INPUT FOR THIS TASK.
════════════════
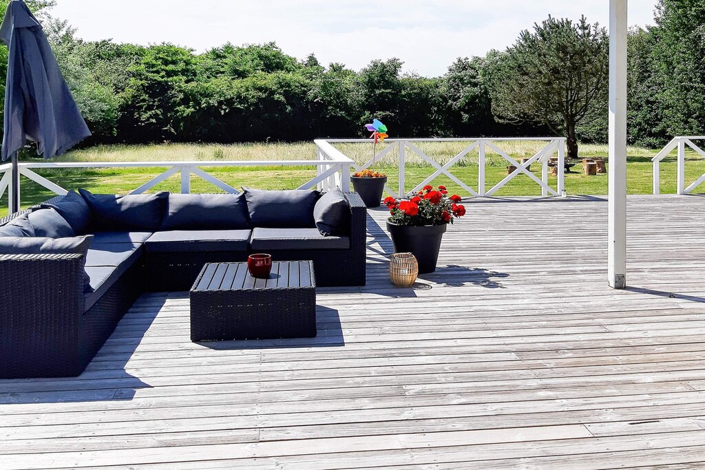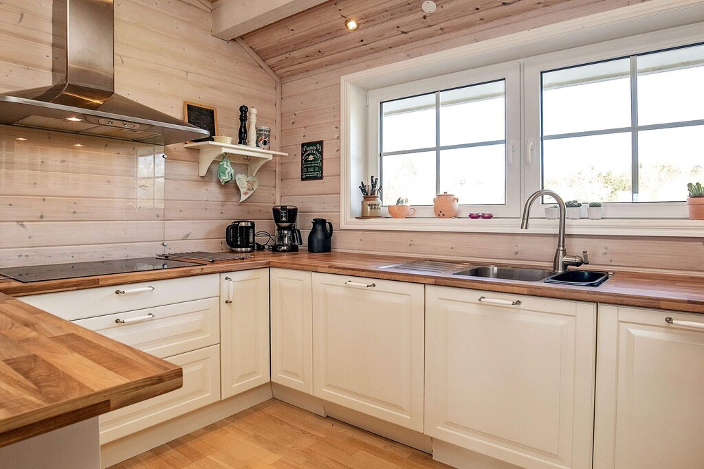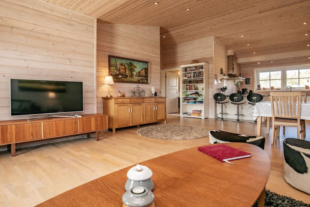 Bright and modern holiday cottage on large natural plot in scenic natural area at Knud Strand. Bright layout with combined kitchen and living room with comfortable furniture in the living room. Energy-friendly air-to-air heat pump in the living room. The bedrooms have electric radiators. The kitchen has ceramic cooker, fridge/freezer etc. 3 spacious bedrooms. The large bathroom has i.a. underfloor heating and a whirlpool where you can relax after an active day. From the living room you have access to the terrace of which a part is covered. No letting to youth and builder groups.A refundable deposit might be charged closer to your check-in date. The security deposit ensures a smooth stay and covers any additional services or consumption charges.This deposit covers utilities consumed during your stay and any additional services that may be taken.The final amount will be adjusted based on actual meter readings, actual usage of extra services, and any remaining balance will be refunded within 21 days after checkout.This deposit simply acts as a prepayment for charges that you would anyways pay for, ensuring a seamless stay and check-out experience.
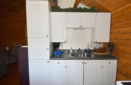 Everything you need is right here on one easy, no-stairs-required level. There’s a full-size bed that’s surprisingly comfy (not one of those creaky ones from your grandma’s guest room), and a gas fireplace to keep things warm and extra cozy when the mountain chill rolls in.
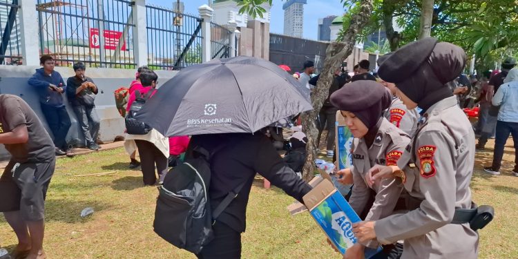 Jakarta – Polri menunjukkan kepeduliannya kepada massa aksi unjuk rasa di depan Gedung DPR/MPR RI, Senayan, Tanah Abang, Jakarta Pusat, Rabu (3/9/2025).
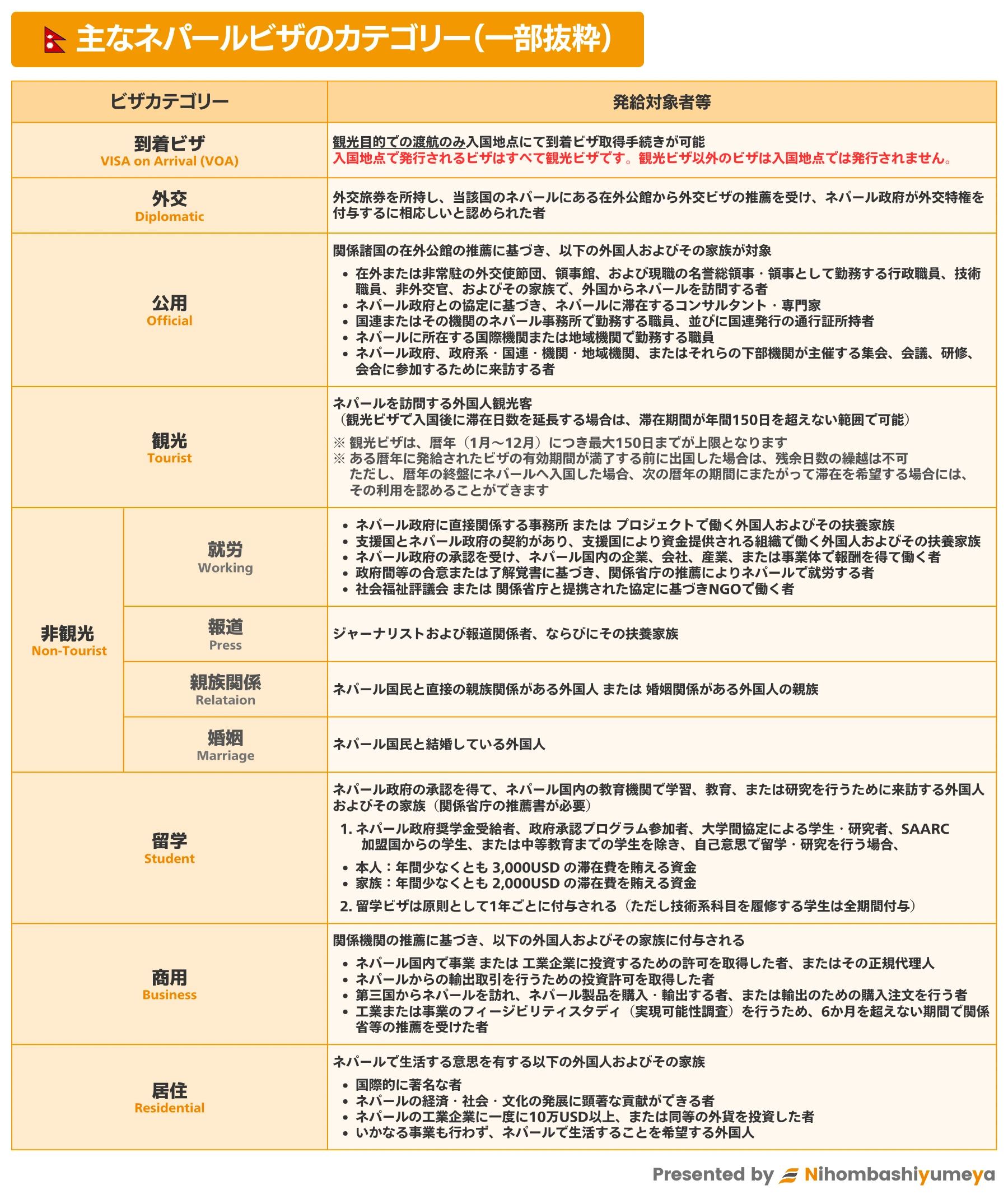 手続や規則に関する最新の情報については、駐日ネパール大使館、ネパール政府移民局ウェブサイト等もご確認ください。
════════════════
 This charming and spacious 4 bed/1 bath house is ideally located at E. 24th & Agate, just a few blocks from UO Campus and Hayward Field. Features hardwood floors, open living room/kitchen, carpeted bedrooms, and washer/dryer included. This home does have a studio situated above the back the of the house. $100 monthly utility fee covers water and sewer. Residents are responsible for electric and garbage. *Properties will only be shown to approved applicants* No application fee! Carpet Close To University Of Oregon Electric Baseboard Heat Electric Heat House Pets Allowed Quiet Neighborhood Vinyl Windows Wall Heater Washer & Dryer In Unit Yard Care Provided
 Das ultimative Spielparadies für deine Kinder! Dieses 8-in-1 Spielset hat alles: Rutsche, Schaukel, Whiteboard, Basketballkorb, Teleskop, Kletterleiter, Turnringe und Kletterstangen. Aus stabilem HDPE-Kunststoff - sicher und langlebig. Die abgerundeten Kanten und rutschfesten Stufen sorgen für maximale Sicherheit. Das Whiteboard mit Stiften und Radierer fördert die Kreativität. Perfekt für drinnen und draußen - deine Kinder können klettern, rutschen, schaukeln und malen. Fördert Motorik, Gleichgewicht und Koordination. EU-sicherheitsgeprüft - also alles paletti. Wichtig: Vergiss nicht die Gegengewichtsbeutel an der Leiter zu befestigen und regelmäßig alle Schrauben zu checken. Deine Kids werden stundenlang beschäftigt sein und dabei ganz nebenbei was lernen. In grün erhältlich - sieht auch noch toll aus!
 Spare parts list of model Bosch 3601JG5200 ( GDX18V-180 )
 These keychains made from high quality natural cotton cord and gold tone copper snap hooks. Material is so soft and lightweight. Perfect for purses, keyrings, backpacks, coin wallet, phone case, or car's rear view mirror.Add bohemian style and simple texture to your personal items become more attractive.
════════════════
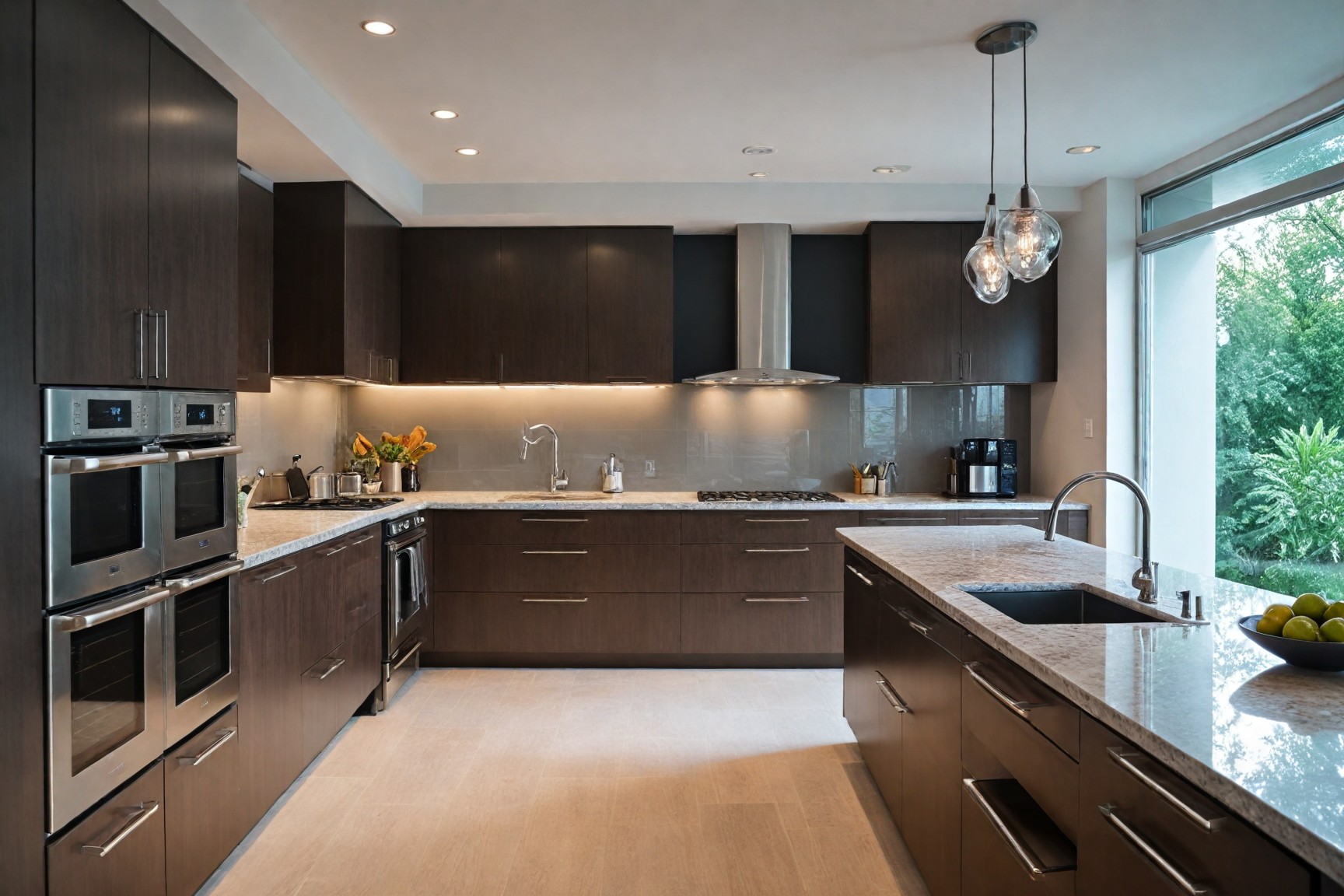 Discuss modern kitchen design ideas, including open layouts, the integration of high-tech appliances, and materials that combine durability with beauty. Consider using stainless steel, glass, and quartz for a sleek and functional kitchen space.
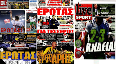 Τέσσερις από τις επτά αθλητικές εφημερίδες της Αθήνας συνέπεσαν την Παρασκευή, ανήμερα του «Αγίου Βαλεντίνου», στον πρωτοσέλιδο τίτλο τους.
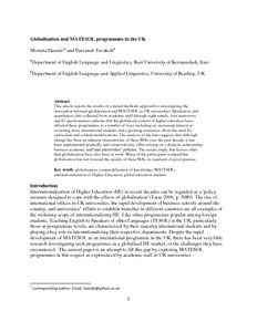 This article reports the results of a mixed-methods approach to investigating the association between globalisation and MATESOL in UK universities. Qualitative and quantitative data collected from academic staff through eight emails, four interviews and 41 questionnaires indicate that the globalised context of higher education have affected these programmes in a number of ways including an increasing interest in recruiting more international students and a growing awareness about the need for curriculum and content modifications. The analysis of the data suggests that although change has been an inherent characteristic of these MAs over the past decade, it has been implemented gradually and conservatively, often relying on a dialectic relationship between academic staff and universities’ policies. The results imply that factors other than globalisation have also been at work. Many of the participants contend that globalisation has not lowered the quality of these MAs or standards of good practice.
════════════════
YOUR TASK.
Would you write out exactly the lines above, starting at the line containing "Jakarta – Polri" and stopping after the line containing "手続や規則に関する最新の情報"? Omit the pictures.

RESPONSE TO THE TASK.
 Jakarta – Polri menunjukkan kepeduliannya kepada massa aksi unjuk rasa di depan Gedung DPR/MPR RI, Senayan, Tanah Abang, Jakarta Pusat, Rabu (3/9/2025).
 手続や規則に関する最新の情報については、駐日ネパール大使館、ネパール政府移民局ウェブサイト等もご確認ください。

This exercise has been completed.